**Aim of the exercise**
Restate the listing word for word. Stop at the line that holds "Keke Palmer first", include it, and leave out all pictures.

═════ Data shown ═════

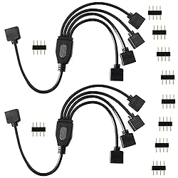 - Connect 4 color changing RGB 5050/3528/2835 LED strips to a single controller with this 4 pin splitter cable. No soldering is required, simply match the arrows on the plug. Features: 1). The insulation plastic of this cord adopts high quality PVC, anticorrosive. 2). This extension cord contains 4 strands of tin-plated pure copper wires inside. Pure copper wires electroplated with tin can prevent oxidation, which ensures flexibility, durability, and a longer service life. 3). The cord and the 4pin plugs fit snug. 4). Easy to plug, reliable connection, excellent performance. Just buy with confidence! Note: A power supply with sufficient power for multiple led strips is required. Package Includes: 2x 1 to 4 splitter cable(Black) 10x male 4-pin pugs Tips: If you need more 4-pin male plugs, please search the following ASIN: B01972KNXU B016KSORXQ
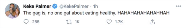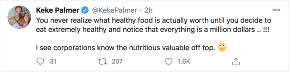 Keke Palmer first sent out a tweet stating that the government is aware of the value that super healthy foods have for your body. She said,
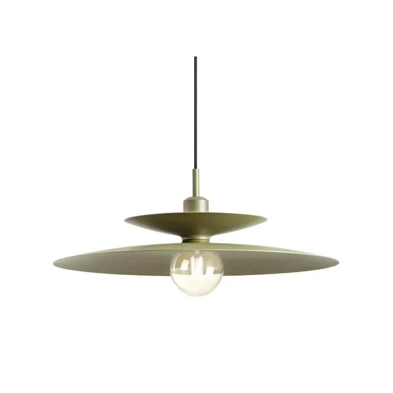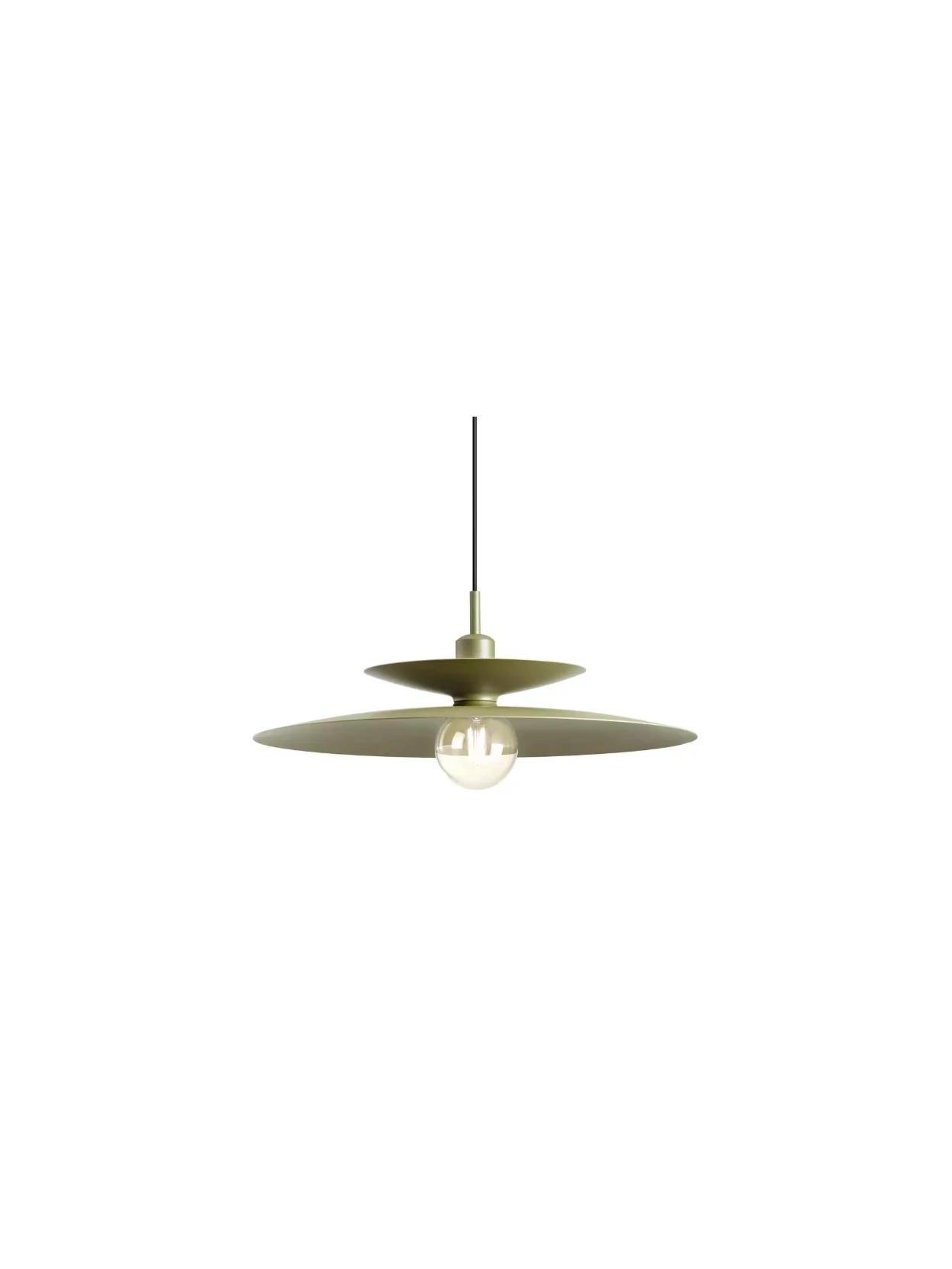 Gunnar by Redo Group is an indoor pendant lamp with a minimalist, modern design and a matte olive green painted aluminum frame. Ideal for residential and commercial spaces, it easily complements a variety of furnishing styles. Compatible with E27 bulbs (max 42W, not included). Power supply voltage: 220–240V, 50/60Hz. IP20, Class II protection rating.
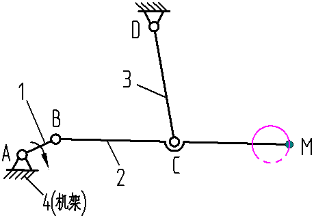 構(gòu)件1繞A點順時針方向轉(zhuǎn)動時,構(gòu)件2上M點以逆時針方向轉(zhuǎn)動,其軌跡為近似圓形。

═════

**Answer space**
 - Connect 4 color changing RGB 5050/3528/2835 LED strips to a single controller with this 4 pin splitter cable. No soldering is required, simply match the arrows on the plug. Features: 1). The insulation plastic of this cord adopts high quality PVC, anticorrosive. 2). This extension cord contains 4 strands of tin-plated pure copper wires inside. Pure copper wires electroplated with tin can prevent oxidation, which ensures flexibility, durability, and a longer service life. 3). The cord and the 4pin plugs fit snug. 4). Easy to plug, reliable connection, excellent performance. Just buy with confidence! Note: A power supply with sufficient power for multiple led strips is required. Package Includes: 2x 1 to 4 splitter cable(Black) 10x male 4-pin pugs Tips: If you need more 4-pin male plugs, please search the following ASIN: B01972KNXU B016KSORXQ
 Keke Palmer first sent out a tweet stating that the government is aware of the value that super healthy foods have for your body. She said,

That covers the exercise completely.